# Caveman hutch bottle, Galveston, Texas



## Dr Pepper bottle man (Feb 10, 2007)

Caveman hutch bottle, Galveston, Texas


----------



## tombstone (Feb 10, 2007)

nice picture hutch


----------



## Leeame (Feb 10, 2007)

Hey Texas, I'm full of envy.  Our local High School mascot is the Caveman and boy could you be the talk of the town with that prize.


 Love it

 Leeame in So. Oregon


----------



## capsoda (Feb 10, 2007)

That is just a very cool hutch. Welcome to the forum Doyle.


----------



## Dr Pepper bottle man (Feb 11, 2007)

This Co.
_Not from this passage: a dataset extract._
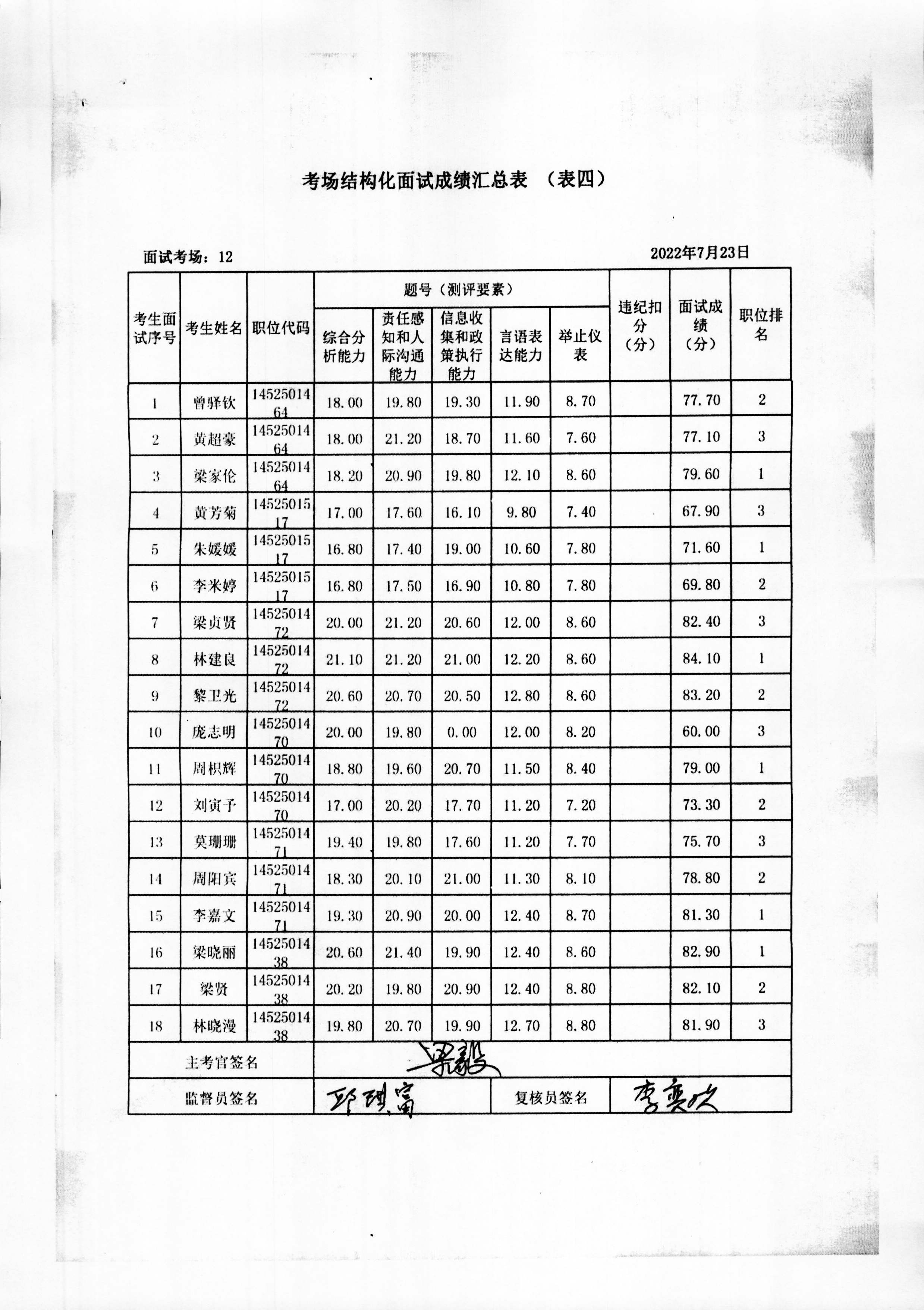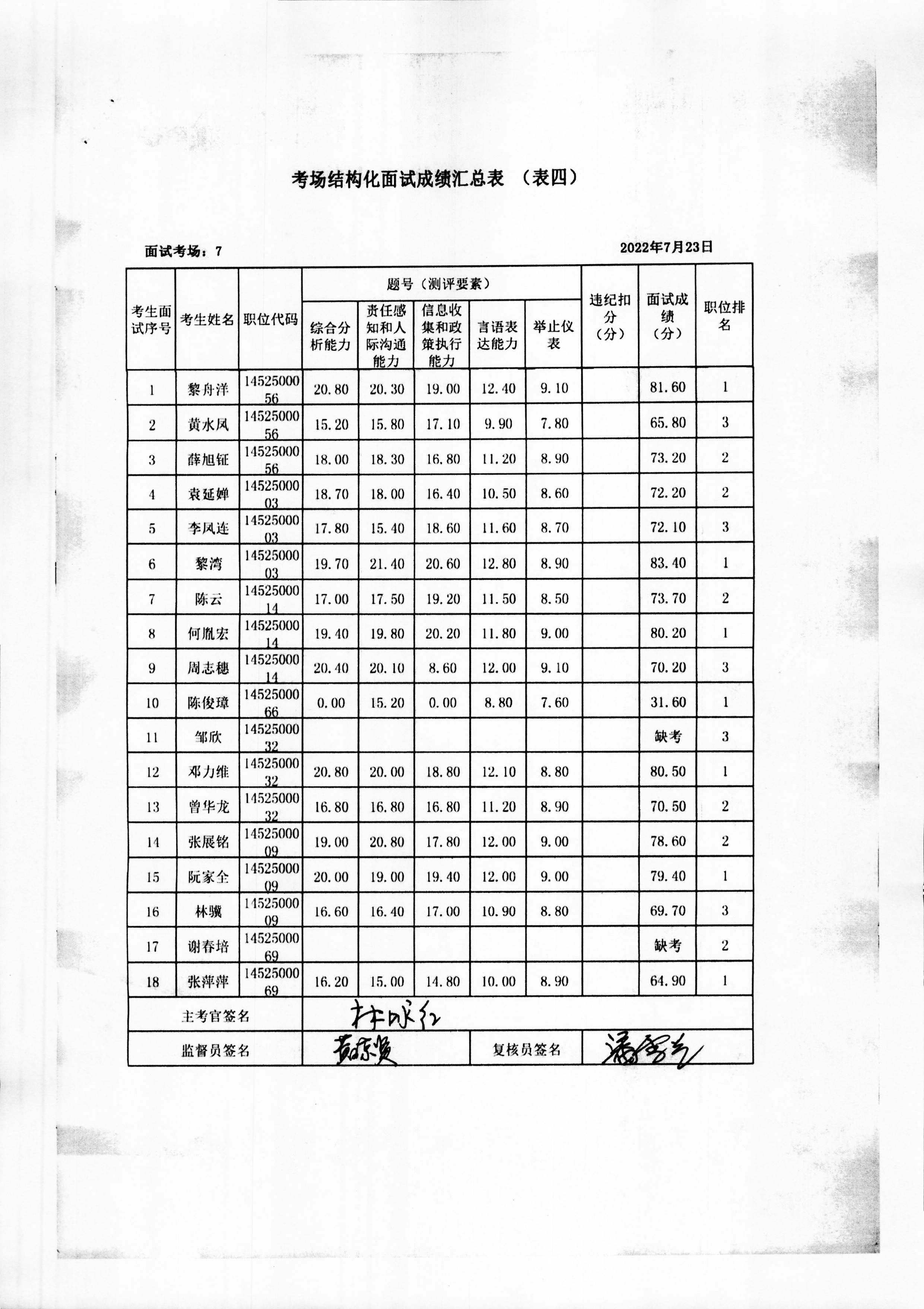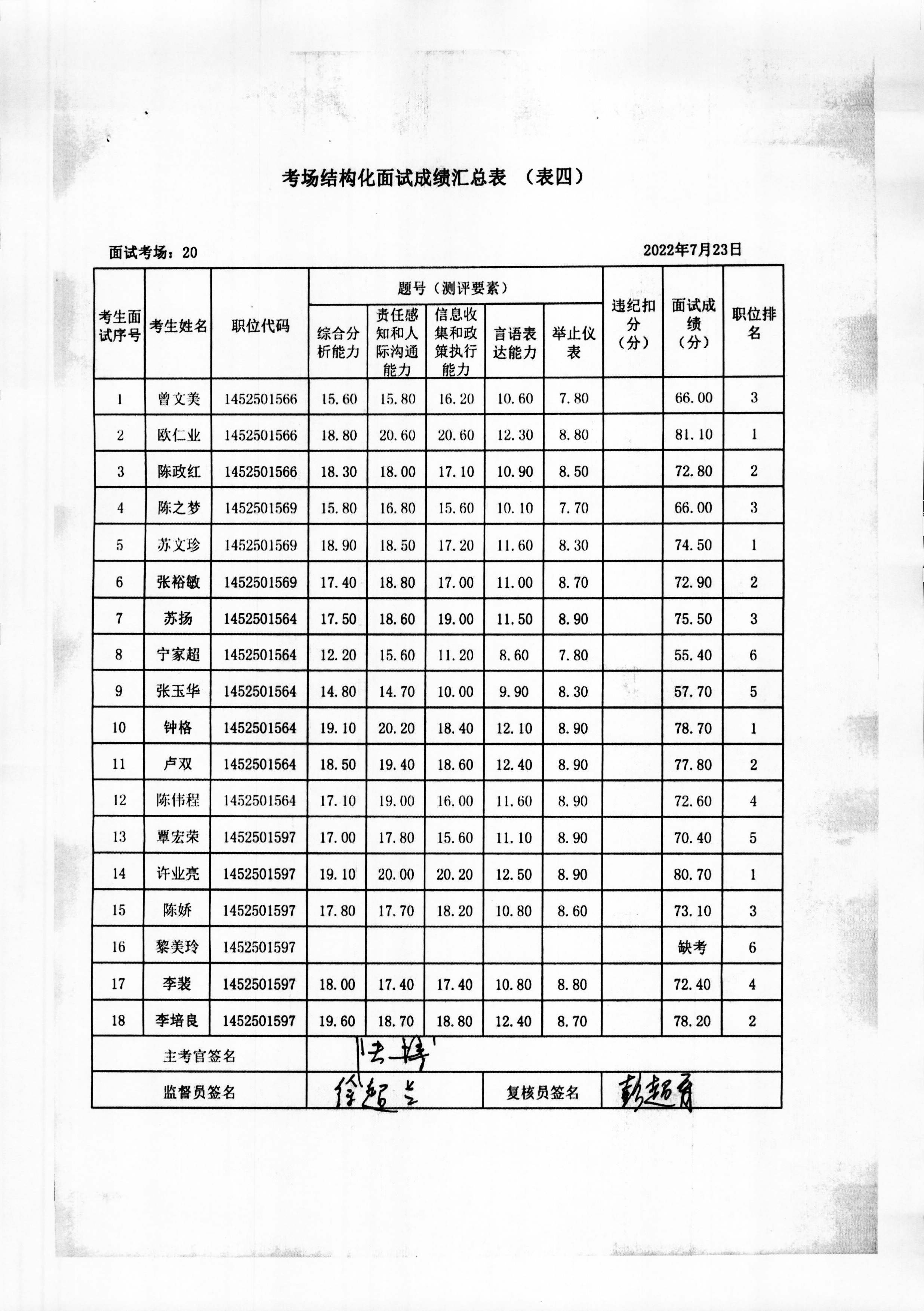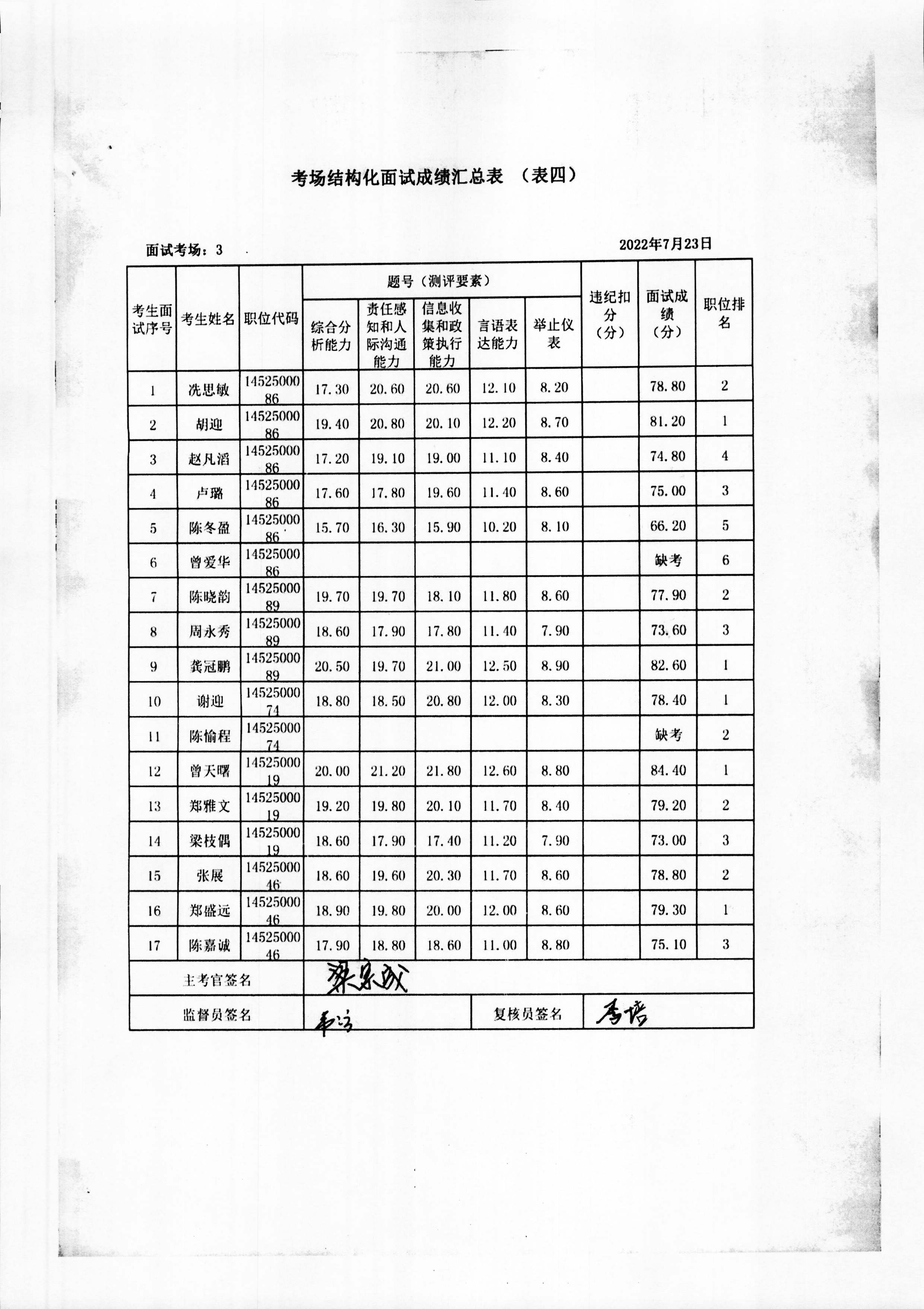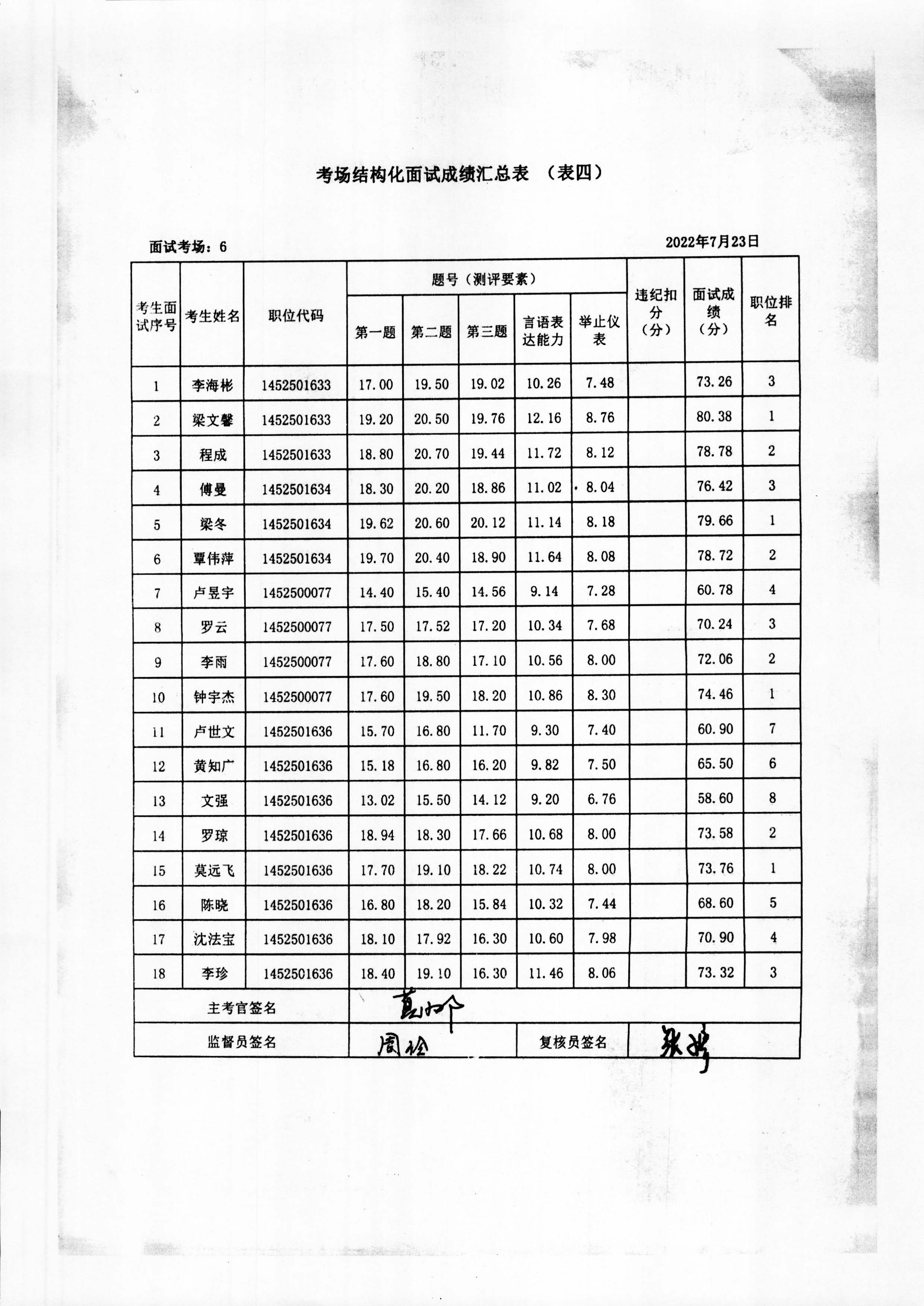 2022年玉林市直(含玉州区、福绵区、玉东新区)事业单位公开招聘人员面试成绩公布(7月23日)

Wells Steam BottlingWks also had a blobtop.The story about Mr Wells, was he left Galveston, Tx. and went to Waco, Tx. and started The Big Four Bottling Co. and was also the owner of Deacon Brown in Waco, who was in direct competion with Dr Pepper. Rumor DP run him out of town, or paid him to leave, or gave him the rights to bottle Circle A, thats not clear, so he moved to Prattville, Al. and started The Circle A Bottling Co


----------



## epgorge (Feb 11, 2007)

Awesome Bottle....

 I take it that club he is holding ..sn't for golf!

 Ep


----------



## LC (May 29, 2007)

> texas.bottle.man2


 
 Love the graphics on this one  texasbottleman !


----------